Schweres Sturmtief über Deutschland: In Gelsenkirchen und Schleswig-Holstein sind sieben Menschen gestorben, in Hamburg herrscht Ausnahmezustand.

Ein Sturm mit Orkanböen hat in Deutschland und Europa schwere Schäden angerichtet. Sieben Menschen wurden in Nord- und Westdeutschland getötet, in vielen Regionen kommt es seit Montagnachmittag zu erheblichen Verkehrsbehinderungen. Auf einer Landstraße bei Schortens in Niedersachsen stürzte ein Baum auf das Auto einer Frau, teilte ein Polizeisprecher mit. Auch in Flensburg wurde ein Autofahrer von einem Baum erschlagen. Der Sturm hatte dort auch schon einen Segler und einen Angler getötet. In Göhl bei Oldenburg in Holstein wurde eine Frau in ihrem Garten von einer umstürzenden Mauer erschlagen.

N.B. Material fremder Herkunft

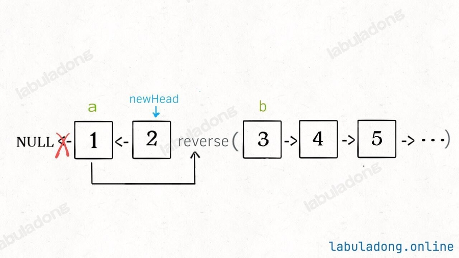 「反转以 a 为头结点的链表」其实就是「反转 a 到 null 之间的结点」,那么如果让你「反转 a 到 b 之间的结点」,你会不会?
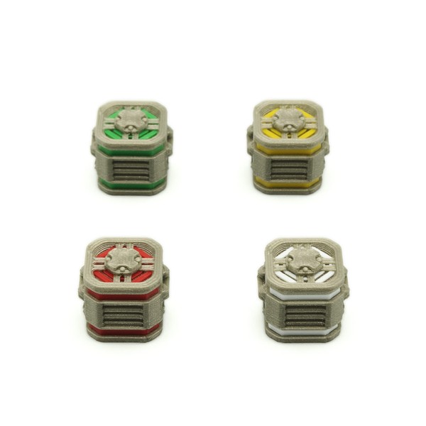 - Jetons 3D détaillés compatible with Nemesis et Nemesis: Lockdown. Set of 60 pieces: 15 boxes rouges, 15 blanches, 15 vertes and 15 jaunes
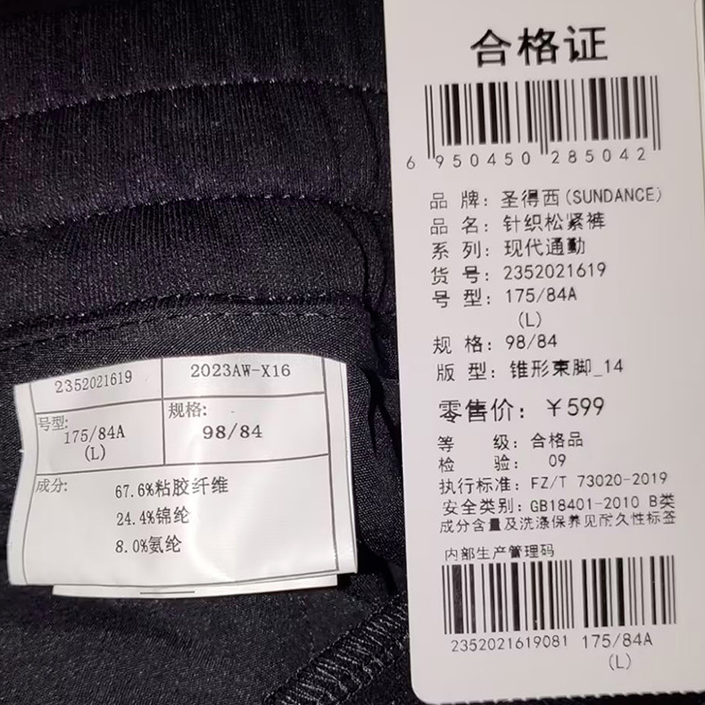 【门店同款】圣得西松紧休闲裤2026年春季新款青年男款束脚长裤

In Gelsenkirchen wurden zwei Menschen getötet. Ein Baum erschlug nach Polizeiangaben einen Autofahrer und den minderjährigen Beifahrer. Der Wagen sei am Montag von Essen nach Gelsenkirchen gefahren, als er außerhalb der geschlossenen Ortschaft von einem großen Baum mitten auf dem Dach getroffen wurde. Zwei weitere Kinder seien verletzt worden.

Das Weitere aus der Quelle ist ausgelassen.